Let’s work through this very simple theorem in Coq:

```
Theorem plus_n_O :
forall (n : nat), n = n + 0.
Proof.
intros n.
induction n; simpl.
- reflexivity.
- rewrite <- IHn. reflexivity.
Qed.
```

The theorem, called `plus_n_O`

, states that `n + 0`

equals to `n`

for all
natural numbers `n`

(represented by the inductive datatype `nat`

).

The first two lines are the theorem statement and below them is the proof
script. If you look at the script, you notice that it’s similar to what you’d do
in a pen-and-paper proof: use induction on `n`

, evaluate `+`

in both cases, use
induction hypothesis in the inductive step.

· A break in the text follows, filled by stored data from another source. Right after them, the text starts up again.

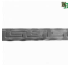
Полоса, арт. 40408 3000x40x4мм Вес: 4.3 кг Цена (за штуку): 400 руб.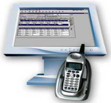
Fig. 5 Verificadores de voz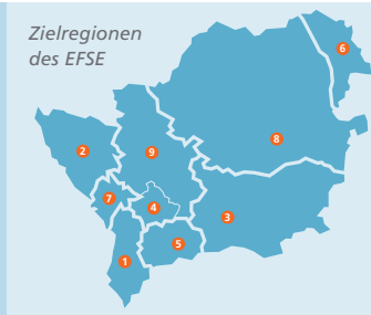
Zielregionen des EFSE 1 Albanien, 2 Bosnien und Herzegowina, 3 Bulgarien, 4 Kosovo, 5 Mazedonien, 6 Moldawien, 7 Montenegro, 8 Rumänien, 9 Serbien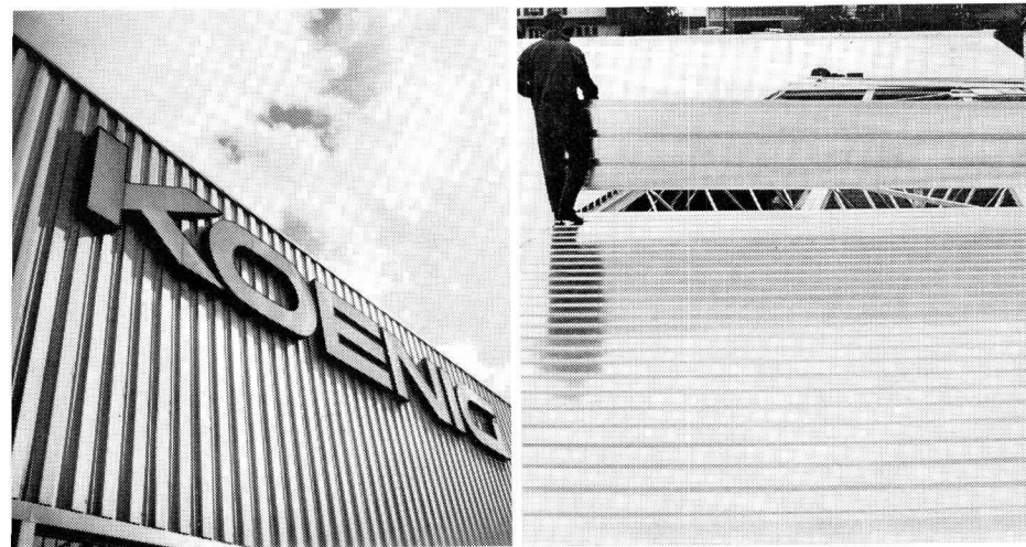
für Fassaden und Bedachungen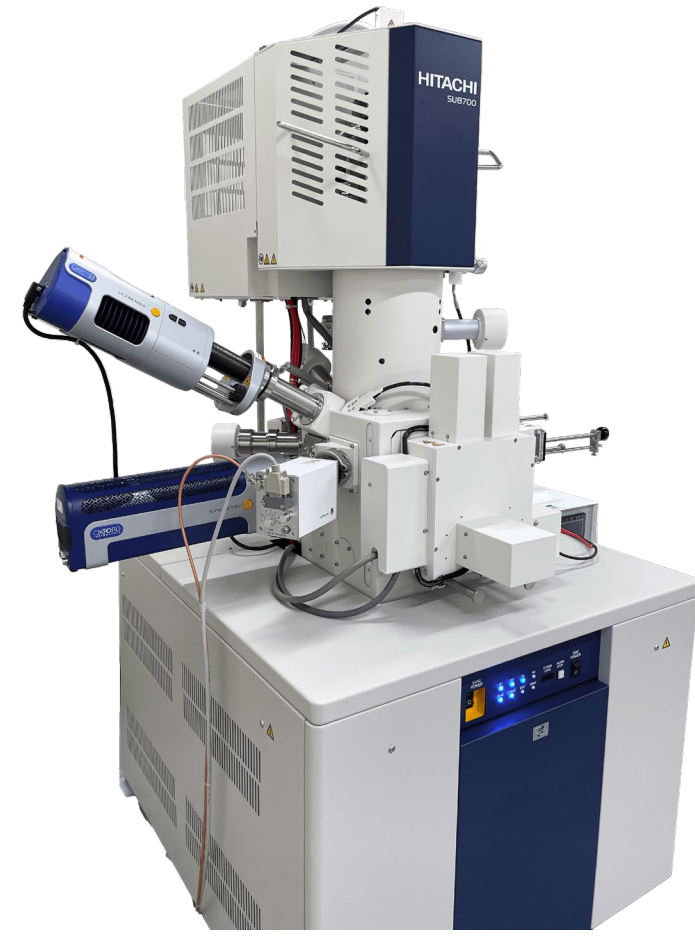
電界放出形 走査電子顕微鏡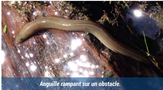
Anguille rampant sur un obstacle.

C'est un poisson migrateur amphihalin : au cours de sa vie l'anguille va passer par des milieux d'eau douce et d'eau salée. Elle se reproduit en mer. Précisément dans la mer des sargasses (au large de la Floride), à de telles profondeurs que personne n'a jamais pu voir la reproduction d'une anguille !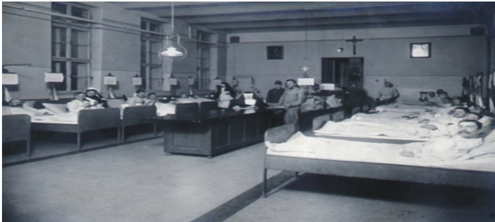
Rys 5. Męska sala chorych w czasie I Wojny Światowej.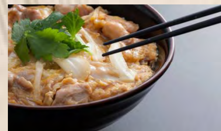
親子丼 (味噌汁・お新香付)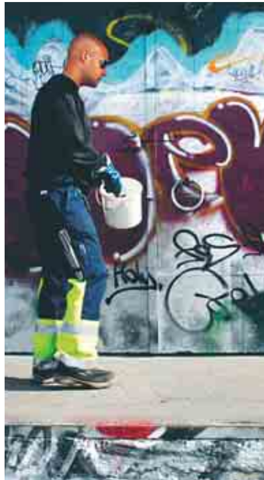
2008 kostade skadegörelsen 3 miljoner kronor.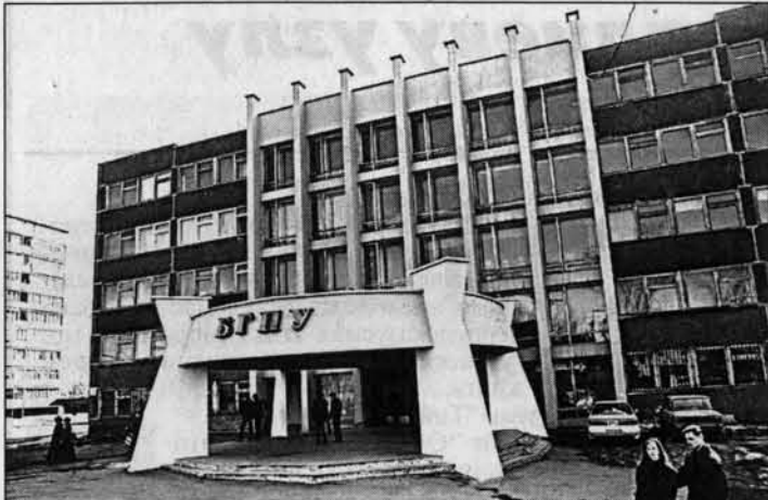
Главный корпус БГПУ.

Практически все вузы края имеют в преподавательском составе выпускников БГПУ. Даже медицинские, где они работают на кафедре физики. За 70 лет университет подготовил около 60 тысяч специалистов, так что в целом влияние его на уровень образования в крае трудно переоценить. Даже если не все выпускники стали педагогами, обществу получило хорошо образованных людей. Среди них, кстати, немало тех, кто трудится в у-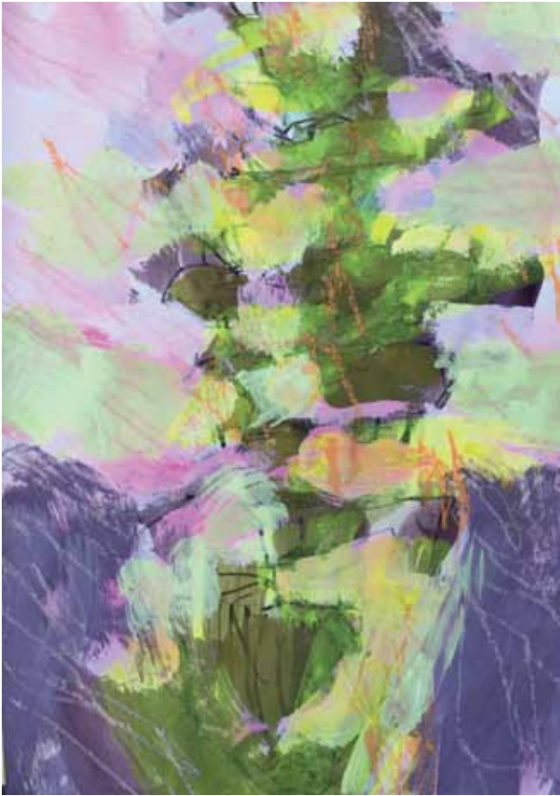
W 2 A3 Kreide, Acryl auf Papier 3/2020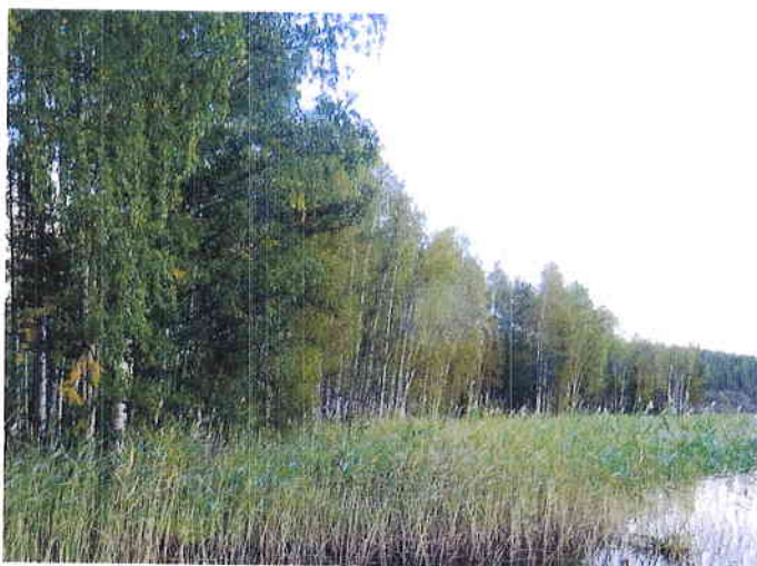
Kuva 7. Sarkasen läntisen muutoskohteen rantaa kaakkoon päin kuvattuna.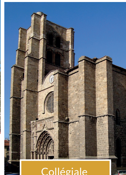
Collégiale de Montbrison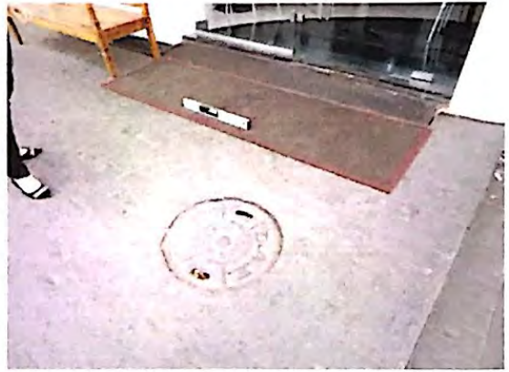
Fotografia 4: Entrada do restaurante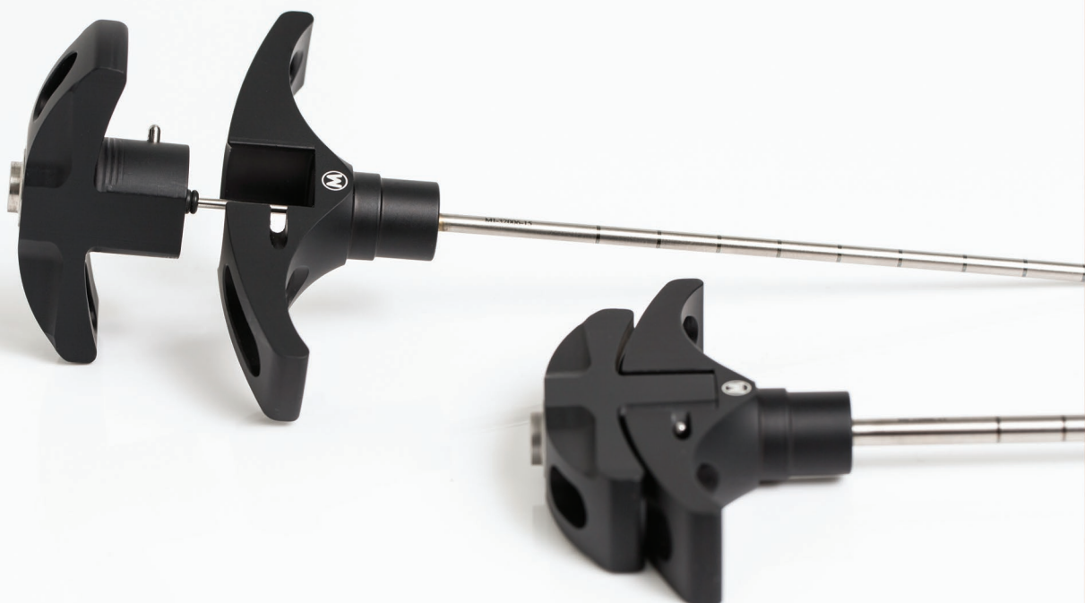
Conjunto estéril/descartável - uso único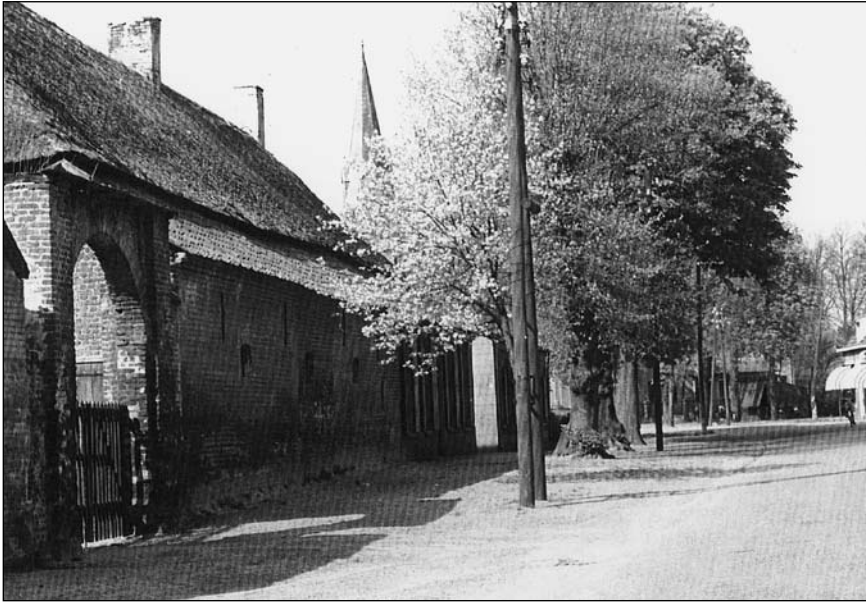
De lange gevel aan de straatzijde (circa 1950). De poort is hier nog redelijk in tact, zij het dat de kap deels verdwenen is. De poort vormt hier het sluitstuk tussen de boerderij en een schuur aan de straatzijde.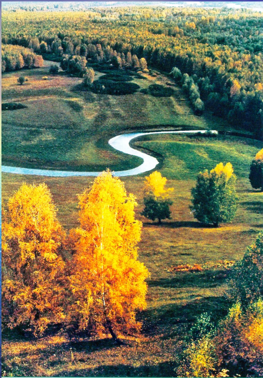
Пойма сибирской реки. 1990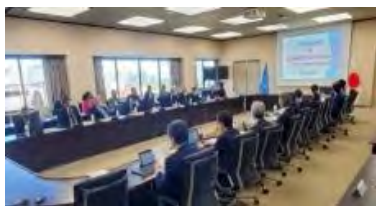
IAEAによるレビューミッションの様子

Another way of viewing this code snippet is that we define a function `plus_n_O`

that, given natural number `n`

, returns a value of type `n + 0 = n`

. Both of
these interpretations are valid - this idea is known as *propositions as types*.

The proof script does not look much like a function, but it does generate one.
With the command `Print plus_n_O`

, we can look at the proof object it generates:

```
plus_n_O =
fun n : nat =>
nat_ind
(fun n0 : nat => n0 = n0 + 0)
eq_refl
(fun (n0 : nat) (IHn : n0 = n0 + 0) =>
eq_ind n0 (fun n1 : nat => S n0 = S n1) eq_refl (n0 + 0) IHn)
n
: forall n : nat, n = n + 0
```

What’s going on here? `nat_ind`

is the induction principle for `nat`

, `eq_refl`

is the constructor for the equality type `? = ?`

and `eq_ind`

is the induction
principle for the equality type.

```
Coq < Check nat_ind.
nat_ind
: forall P : nat -> Prop,
P 0 -> (forall n : nat, P n -> P (S n)) -> forall n : nat, P n
Coq < Check eq_ind.
eq_ind
: forall (A : Type) (x : A) (P : A -> Prop),
P x -> forall y : A, x = y -> P y
```

Let’s go through the arguments of `nat_ind`

in `plus_n_O`

:

`(fun n0 : nat => n0 = n0 + 0)`

: this is the proposition we want to prove inductively.`eq_refl`

: this is the base case.`0 + 0`

is convertible to`0`

, so nothing else is needed.`(fun (n0 : nat) (IHn : n0 = n0 + 0) => eq_ind n0 (fun n1 : nat => S n0 = S n1) eq_refl (n0 + 0) IHn)`

: this is the inductive case. We’ve proven the proposition for`n0`

and want to prove it for`S n0`

.`IHn`

is the induction hypothesis.`n`

: the final argument tells that we apply the inductive proof to`n`

that`plus_n_O`

is quantified over.

In the inductive case, `eq_ind`

is used to rewrite `S n0 = S n0`

into `S n0 = S (n0 + 0)`

, which is convertible into `S n0 = S n0 + 0`

, which is what we want.

I’m not sure if this write-up helps anyone else, but it was helpful for me to work through this example to better understand the relationship between a proof script and a proof term. I recommend the exercise.